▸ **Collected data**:
-.-.-

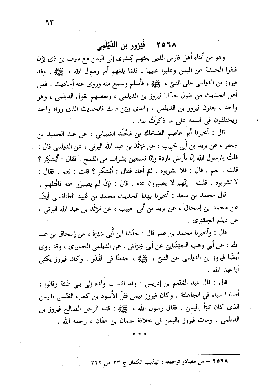 ٢٥٦٨ - من مصادر ترجمته: تهذيب الكمال ج ٢٣ ص ٣٢٢
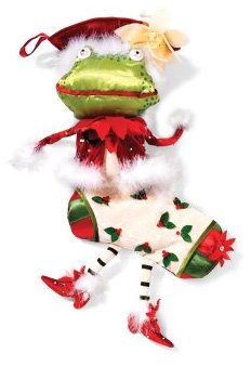 Frog collectors will love the Mrs. Frog Stocking by Patience Brewster's Krinkles Collection. The plush frog wears a red jacket and hat trimmed with white marabou feathers. Manufactured by Department 56.
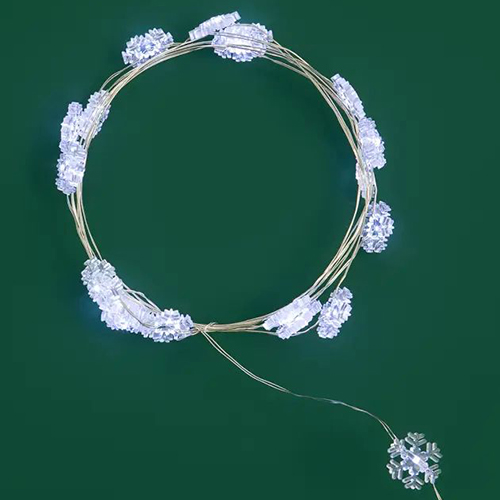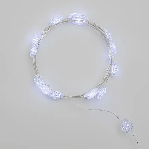 20 ярких белых светодиодов находятся внутри пластиковых насадок, искусно выполненных в виде снежинок.
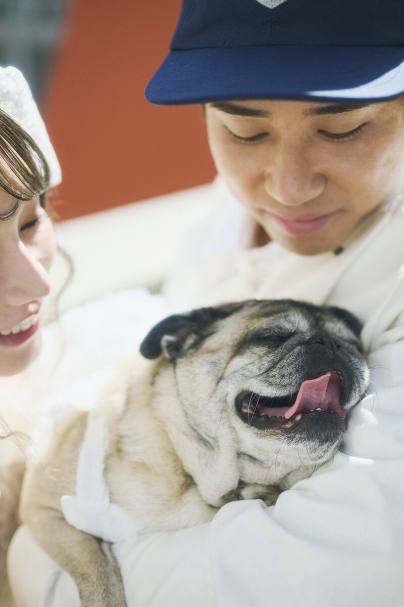 ウェディングらしさのある白ドレス&スーツだけど、足もとはおそろいのナイキスニーカー。サグワくんのキャップにこめられた「I LOVE YOU」が洒落てます! 愛犬・ふくちゃんも白ドレスに身を包んで♡ きゃわわ!
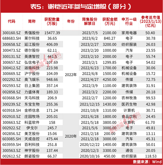 而拉长周期来看,秀强股份只是其参与定增的冰山一角。在近几年的上市公司定增名单中,谢恺已经成为定增的“常客”。
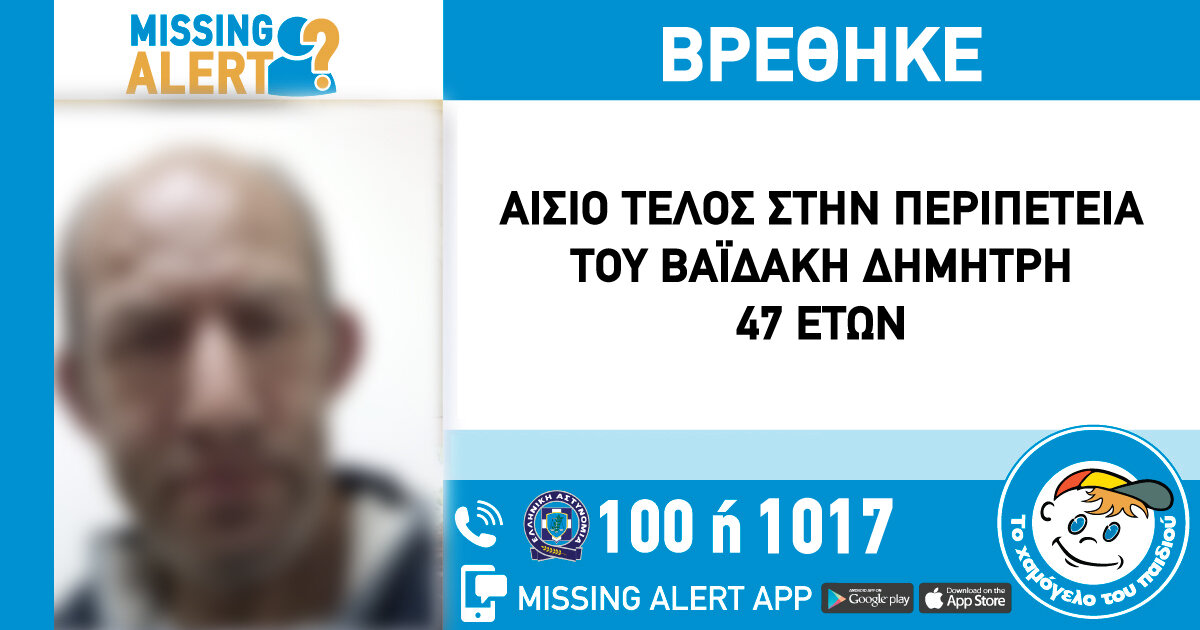 Η περιπέτεια του 47χρονου έληξε σήμερα, δίνοντας τέλος στην αγωνία των δικών της ανθρώπων που τον αναζητούσαν
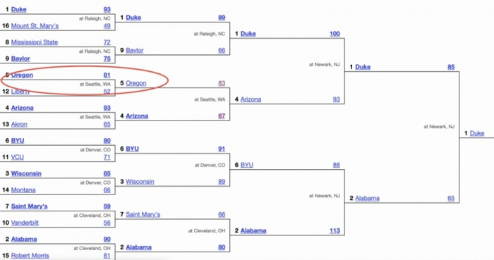 俄勒冈大学上赛季打进全国三十二强后惜败亚利桑那,显然,这是强队。
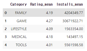 # 점유율 상위 5개의 카테고리를 구하고, 각각의 Rating 평균, Installs 평균 구하기
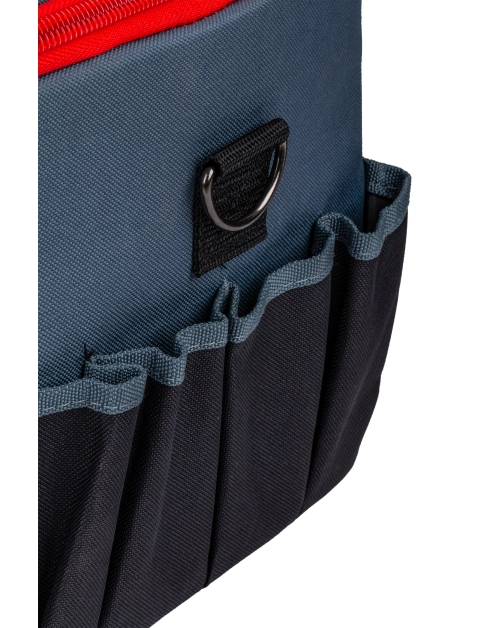 Torba jest niezwykle wytrzymała, ponieważ wykonano ją z wysokiej jakości materiału o gęstym splocie i posiada dużą pojemność (24 l). Jest odporna na przecieranie i chroni zawartość przed wilgocią oraz czynnikami zewnętrznymi. Posiada aż 14 kieszeni zewnętrznych, 7 wewnętrznych oraz 14 zaczepów na narzędzia. Dzięki odpowiednim wymiarom możesz przenosić do czterech elektronarzędzi wraz z osprzętem. Co więcej, torba, dzięki wygodnemu uchwytowi, zapewni Ci maksymalny komfort.
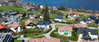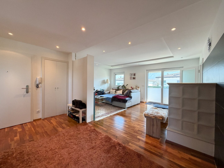 Das Herzstück der Wohnung bildet das großzügige Wohnzimmer mit hochwertigem Echtholz-Nussboden und gemütlichem Kachelofen. Große Fensterflächen sorgen für viel Tageslicht und öffnen den Blick auf den See und die markante Drachenwand.
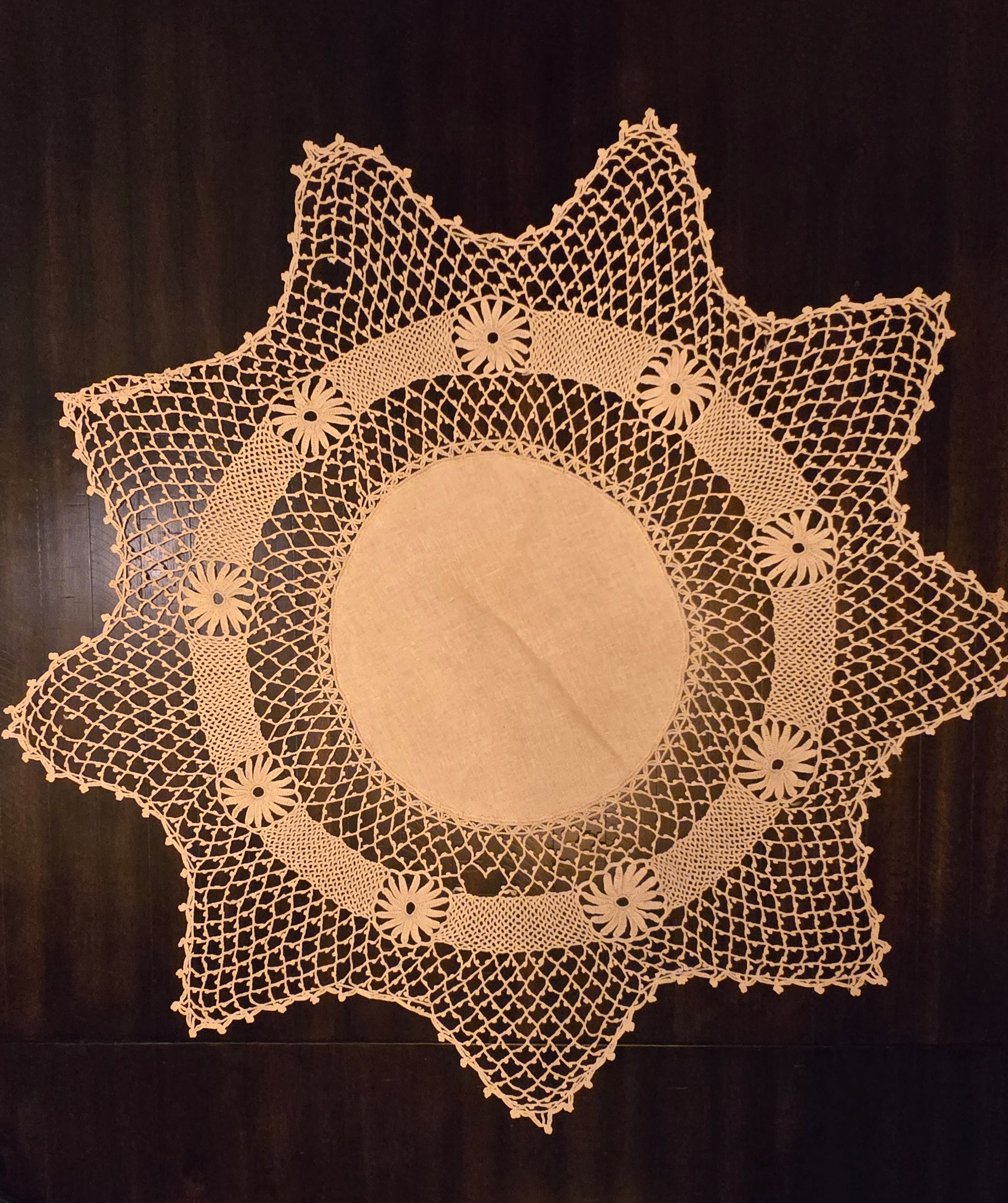 Large round vintage doily. Approximately 34” round, at tip. Estate find. Used condition. Noticeable holes in the lace portion of the doily.
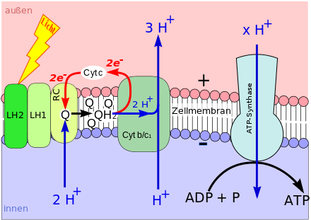Das Elektron wird über bestimmte weitere Moleküle fortgereicht (Elektronentransportkette), die ebenfalls in der Biomembran sitzen. Im Zuge des Elektronentransports werden Wasserstoffionen (Protonen, H+) von einer Seite der Biomembran auf die andere geschaufelt. Darum nimmt ihre Konzentration auf der einen Membranseite zu und gleichzeitig auf der anderen Seite ab. Auf diese Weise entsteht ein hohes H+-Konzentrationsgefälle zwischen beiden Membranseiten (Protonengradient).

-.-.-

▸ **Work instructions**: Although the records contain pictures, only their text should be repeated, exactly as it appears.

▸ **Written solution**:
 ٢٥٦٨ - من مصادر ترجمته: تهذيب الكمال ج ٢٣ ص ٣٢٢
 Frog collectors will love the Mrs. Frog Stocking by Patience Brewster's Krinkles Collection. The plush frog wears a red jacket and hat trimmed with white marabou feathers. Manufactured by Department 56.
 20 ярких белых светодиодов находятся внутри пластиковых насадок, искусно выполненных в виде снежинок.
 ウェディングらしさのある白ドレス&スーツだけど、足もとはおそろいのナイキスニーカー。サグワくんのキャップにこめられた「I LOVE YOU」が洒落てます! 愛犬・ふくちゃんも白ドレスに身を包んで♡ きゃわわ!
 而拉长周期来看,秀强股份只是其参与定增的冰山一角。在近几年的上市公司定增名单中,谢恺已经成为定增的“常客”。
 Η περιπέτεια του 47χρονου έληξε σήμερα, δίνοντας τέλος στην αγωνία των δικών της ανθρώπων που τον αναζητούσαν
 俄勒冈大学上赛季打进全国三十二强后惜败亚利桑那,显然,这是强队。
 # 점유율 상위 5개의 카테고리를 구하고, 각각의 Rating 평균, Installs 평균 구하기
 Torba jest niezwykle wytrzymała, ponieważ wykonano ją z wysokiej jakości materiału o gęstym splocie i posiada dużą pojemność (24 l). Jest odporna na przecieranie i chroni zawartość przed wilgocią oraz czynnikami zewnętrznymi. Posiada aż 14 kieszeni zewnętrznych, 7 wewnętrznych oraz 14 zaczepów na narzędzia. Dzięki odpowiednim wymiarom możesz przenosić do czterech elektronarzędzi wraz z osprzętem. Co więcej, torba, dzięki wygodnemu uchwytowi, zapewni Ci maksymalny komfort.
 Das Herzstück der Wohnung bildet das großzügige Wohnzimmer mit hochwertigem Echtholz-Nussboden und gemütlichem Kachelofen. Große Fensterflächen sorgen für viel Tageslicht und öffnen den Blick auf den See und die markante Drachenwand.
 Large round vintage doily. Approximately 34” round, at tip. Estate find. Used condition. Noticeable holes in the lace portion of the doily.
Das Elektron wird über bestimmte weitere Moleküle fortgereicht (Elektronentransportkette), die ebenfalls in der Biomembran sitzen. Im Zuge des Elektronentransports werden Wasserstoffionen (Protonen, H+) von einer Seite der Biomembran auf die andere geschaufelt. Darum nimmt ihre Konzentration auf der einen Membranseite zu und gleichzeitig auf der anderen Seite ab. Auf diese Weise entsteht ein hohes H+-Konzentrationsgefälle zwischen beiden Membranseiten (Protonengradient).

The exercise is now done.